Immigration and Customs Enforcement officials on Thursday descended on the South Korean automaker’s sprawling manufacturing facility near Savannah in the largest single-site enforcement operation in the Department of Homeland Security’s history.
As the Trump administration escalated its immigration crackdown, the president issued a veiled threat on Sunday, urging foreign companies to “respect our nation’s immigration laws.”
“Following the Immigration Enforcement Operation on the Hyundai Battery Plant in Georgia, I am hereby calling on all Foreign Companies investing in the United States to please respect our Nation’s Immigration Laws,” Trump wrote on Truth Social.

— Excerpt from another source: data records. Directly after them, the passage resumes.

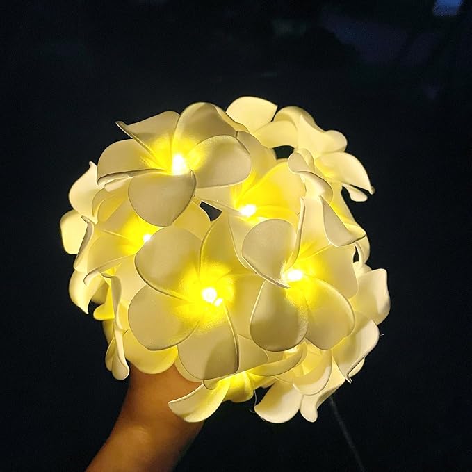 Solar Petunia Blue Morning Glory Flowers and Solar Hawaiian Frangipani Flower String Lights Tropical Flowers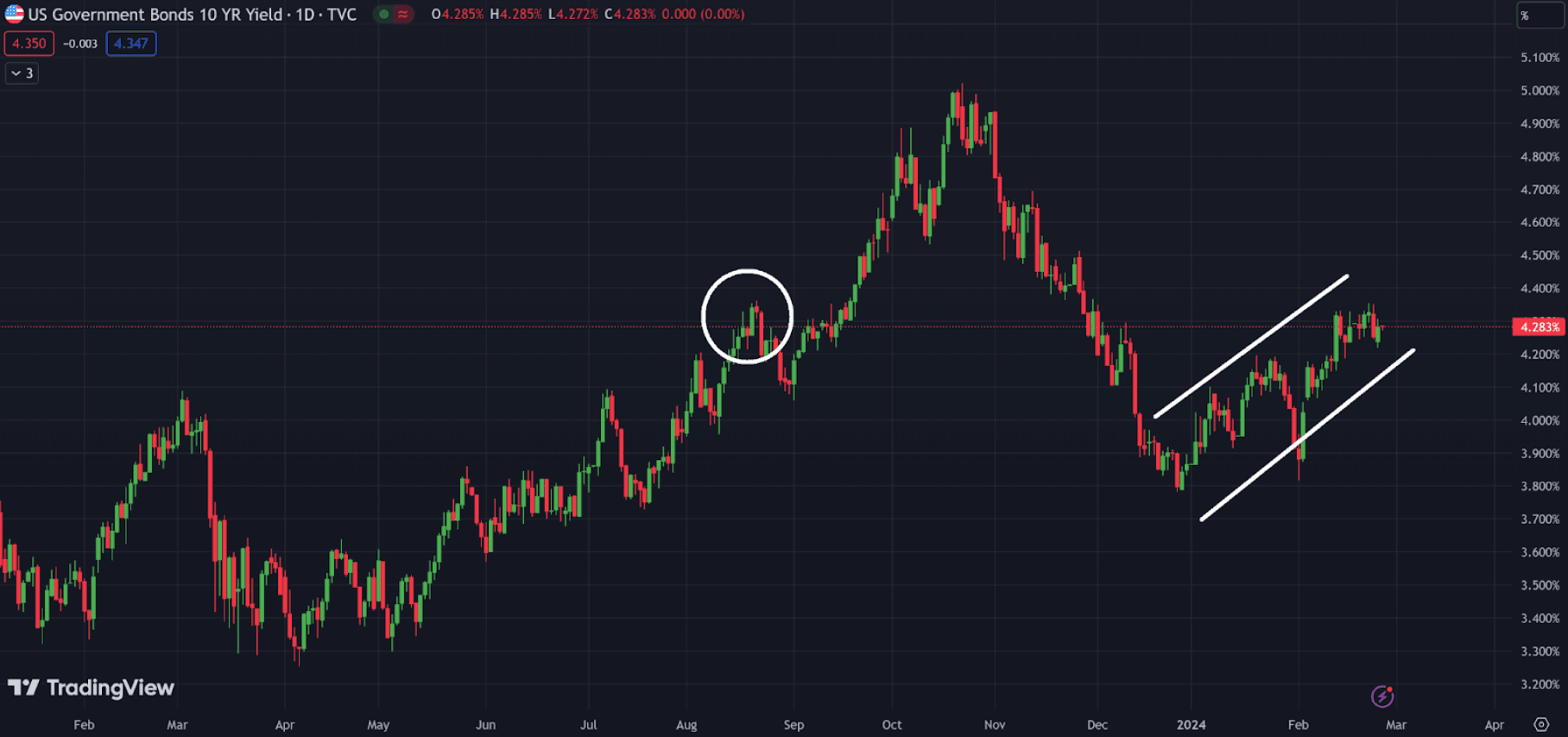 This is a chart of the 10-year US Treasury yield, which tends to be inversely correlated to stock prices.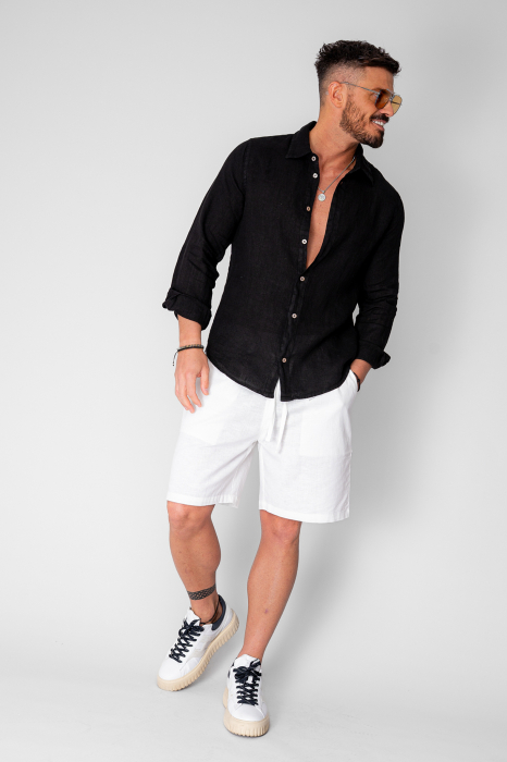 • Camasa din in cu maneca lunga, inchidere cu nasturi

“Your Investments are welcome, and we encourage you to LEGALLY bring your very smart people, with great technical talent, to build World Class products, and we will make it quickly and legally possible for you to do so.
“What we ask in return is that you hire and train American Workers.”
The operation marked the latest in a string of workplace immigration raids enforced by the Trump administration and threatened to derail relations between Washington and Seoul.
The move came just months after South Korea agreed in July to purchase $100 billion in U.S. energy and make a $350 billion investment in the nation in return for lower tariff rates – which was touted as one of Georgia’s largest economic development projects.
A majority of the 475 workers arrested at the still-under-construction plant, intended to produce batteries for electric vehicles, were South Korean nationals, ICE said on Friday. Some were filmed in handcuffs and ankle chains being loaded onto buses.

The South Korean government announced Sunday that more than 300 detained Hyandui workers would be released and brought back home by charter plane. Kang Hoon-sik, chief of staff for President Lee Jae Myung, confirmed that negotiations with the U.S. for the release had been finalized.
Most of the people detained were taken to an immigration detention center in Folkston near the Georgia-Florida state line, Steven Schrank, the lead Georgia agent of Homeland Security Investigations, said in a news conference Friday.
Schrank said that some of the detainees had illegally crossed the U.S. border. Others, he said, had entered the country legally but their visas had since expired visas or they had entered on a visa waiver that prohibited them from working.
None had been charged with any crimes, Schrank added.
South Korea’s Foreign Minister Cho Hyun said over the weekend that he was “deeply concerned” by the detentions and had planned to fly to the U.S. on Monday.
Trump appeared to soften his rheotric Sunday evening, telling reporters at Joint Base Andrews in Maryland that the U.S. and South Korea could work out an agreement for its nationals to “come in and train our people” to do battery and computer manufactoring work.